There are a a bunch of converters however in the internet, which one would be the best, what I could keep for future use...?
Mr. Prophet (talk) 21:53, 14 May 2015 (UTC)[reply]
Here's instructions on how to "trace" a bitmap/raster and get a vector image in Inkscape [2]. Is your goal to be able to read things that you couldn't before, or to have it look better when you zoom in? This might help, but it might not, at least it is free and fairly easy. SemanticMantis (talk) 13:29, 15 May 2015 (UTC)[reply]
Read things I couldn't before. Hope it works... Thanks. -- Mr. Prophet (talk) 18:33, 15 May 2015 (UTC)[reply]
If they get fuzzy when you zoom in (as opposed to "jaggy"), that sounds like subpixel rendering or a related method. StuRat (talk) 04:29, 15 May 2015 (UTC)[reply]
I don't know what it is, the image looks fine in the ordinal shape, the words are very small, say 'font size' between 1 to 5, the writing becomes blurry when I zoom in... -- Mr. Prophet (talk) 06:10, 15 May 2015 (UTC)[reply]
The methods I refer to color each pixel differently. This method looks terribly fuzzy when you zoom in. StuRat (talk) 14:11, 15 May 2015 (UTC)[reply]
Lol. -- Mr. Prophet (talk) 18:33, 15 May 2015 (UTC)[reply]
See dpi and display resolution. For faster loading a webpage, use thumbnails, downsized versions with less pixels of the pictures. For a detail view, you need the full resolution. If you don't have, use inkscape, load the picture and draw a vectorbased layer over the original bitmap. I can be done automatically, press Ctrl+Shift+B, but may have not the best results. When using it as font, better use a font editor, but do a search first to save huge unneccessary work. --Hans Haase (有问题吗) 07:21, 16 May 2015 (UTC)[reply]

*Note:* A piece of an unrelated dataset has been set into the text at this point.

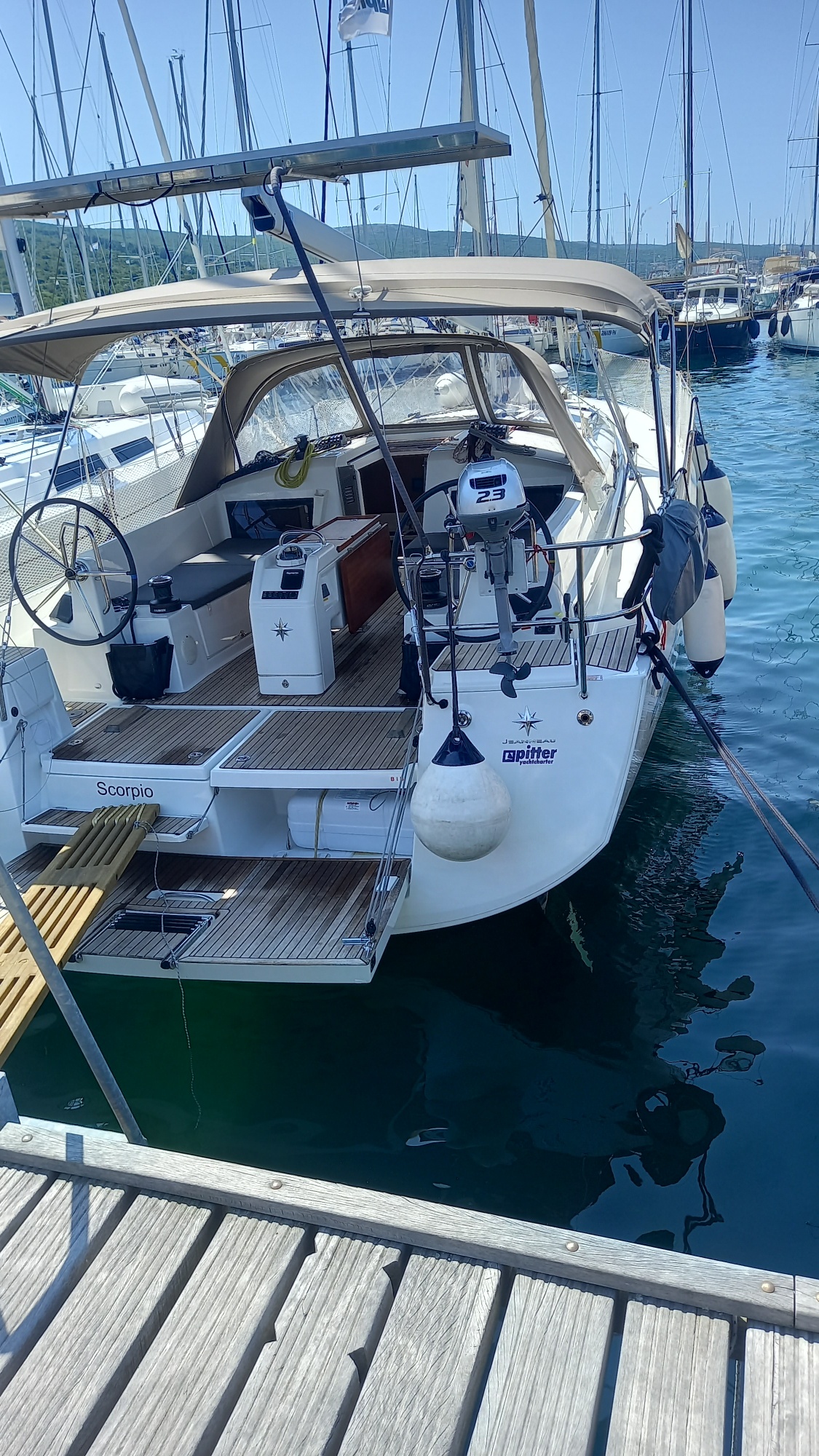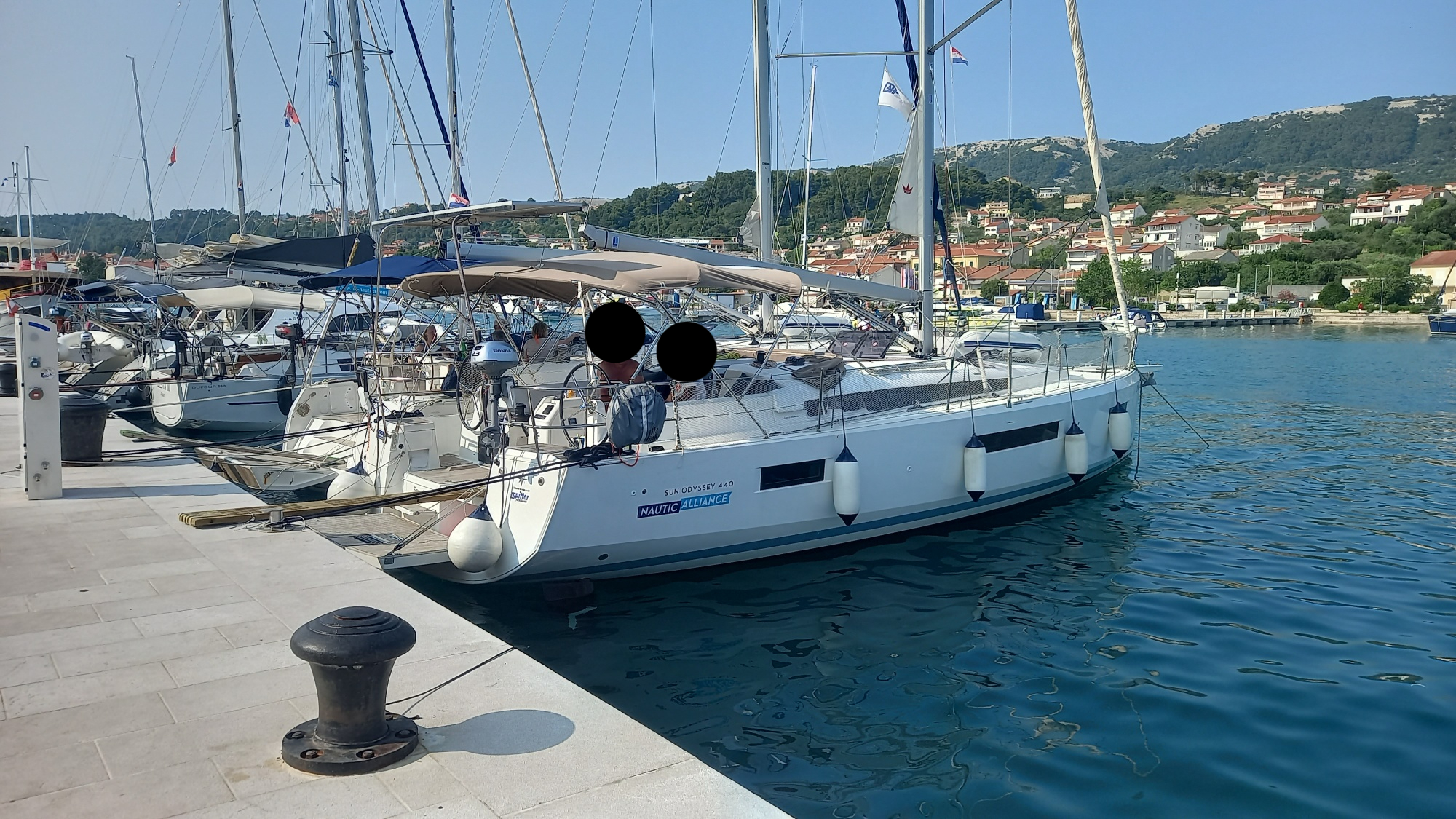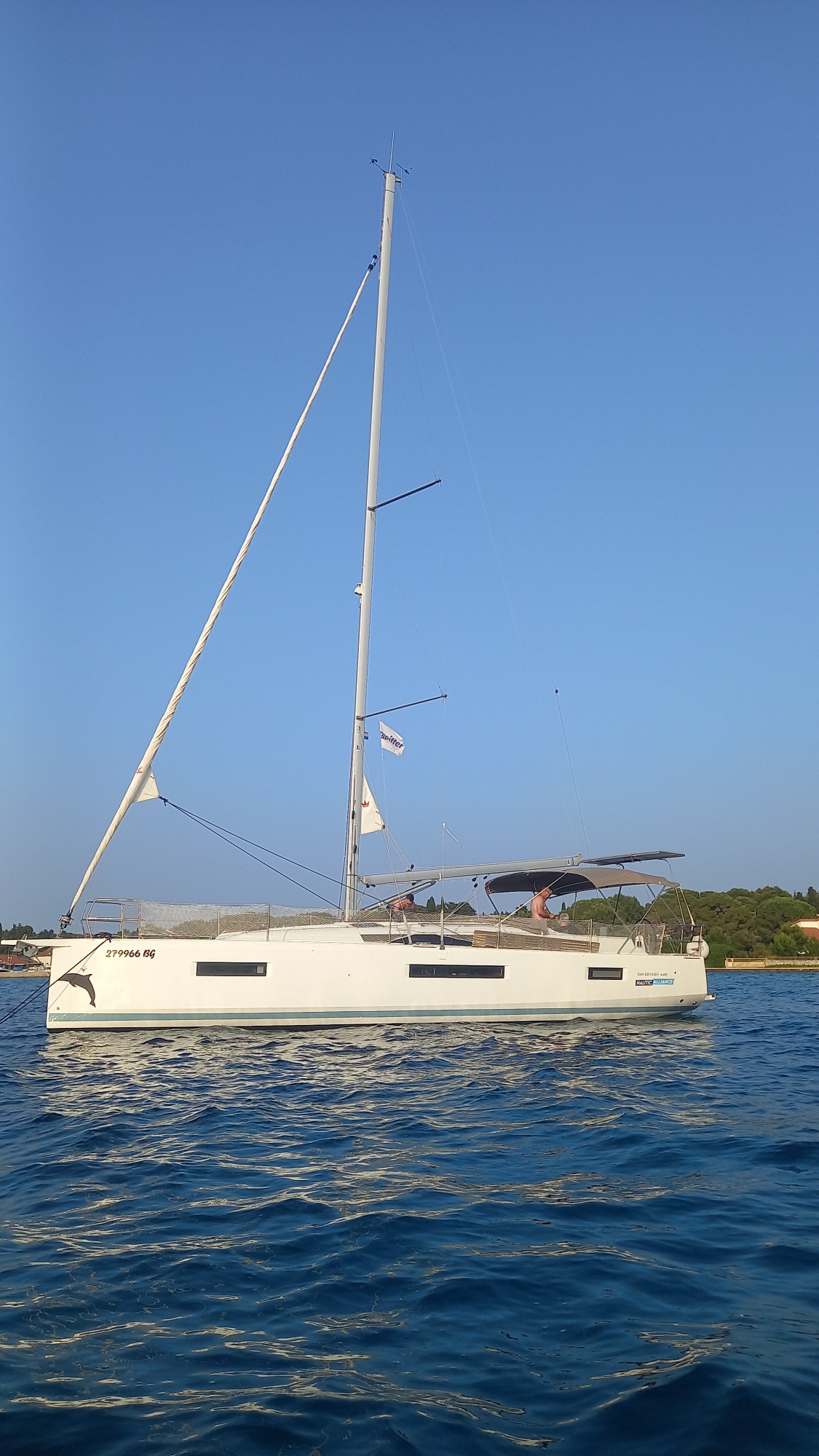 Mir ist nicht ganz klar, wer jetzt genau die Charterfirma war, Delphin oder Pitter, auf jeden Fall war es das am besten gewartete und unterhaltene Schiff, was wir jemals hatten, vielleicht abgesehen von der polnischen Firma vor zwei Jahren. Die Einweisung folgte einem klaren Schema, was auf eine intensive Schulung schließen lässt und und insbesondere für unerfahrene Skipper von Vorteil sein dürfte. Alle Fragen von meiner Seite wurden kompetent beantwortet, das Boot war pünktlich fertig, allerdings sind mittlerweile 175 € für einen ECI schon happig. Die Segeleigenschaften waren soweit in Ordnung, viel mehr als 9 Knoten darf man bei einer 44iger nicht erwarten. Was uns auffiel, waren die Details: Man kann vom Steuerstand um das Cockpit herum nach vorne gehen ohne zu klettern, die Stehhöhe unter dem Bimini kam uns SEHR entgegen, Stauflächen waren reichlich vorhanden, allerdings mussten wir uns die Küchenschränke etwas gewöhnen, man stapelt von oben. Die Kühlkapazitäten waren sehr gut, ebenfalls das Batteriemanagement dank der fest verbauten Solarpaneele, wir mussten nie Landstrom ziehen, obwohl wir fast nur unter Segeln gefahren sind. Die Rückgabe war ebenfalls sehr professionell, der von uns benannte Fehler wurde sofort behoben und nicht wie üblich aufs Zettelchen im Blöckchen geschrieben. Und wunschgemäß erhielten wir zum Schluss unsere Route als ausgedruckten Track - Super!

Guys, what shall I download? I'm on 32-bit, the '.msi' is 80Mb, '.exe' is 40Mb. I've read through them, what confused me was the information about 'they could only be a type of file which will insist/download other files from the internet, meaning I have to have a full internet connection... This is the first time, in my life time, probably, I actually saw two or more options in one place for one software. The 'installer (exe)' file is preferable as I'm on 'payg: Kbs' as long as it doesn't tell me to download more files... -- Mr. Prophet (talk) 18:42, 16 May 2015 (UTC)[reply]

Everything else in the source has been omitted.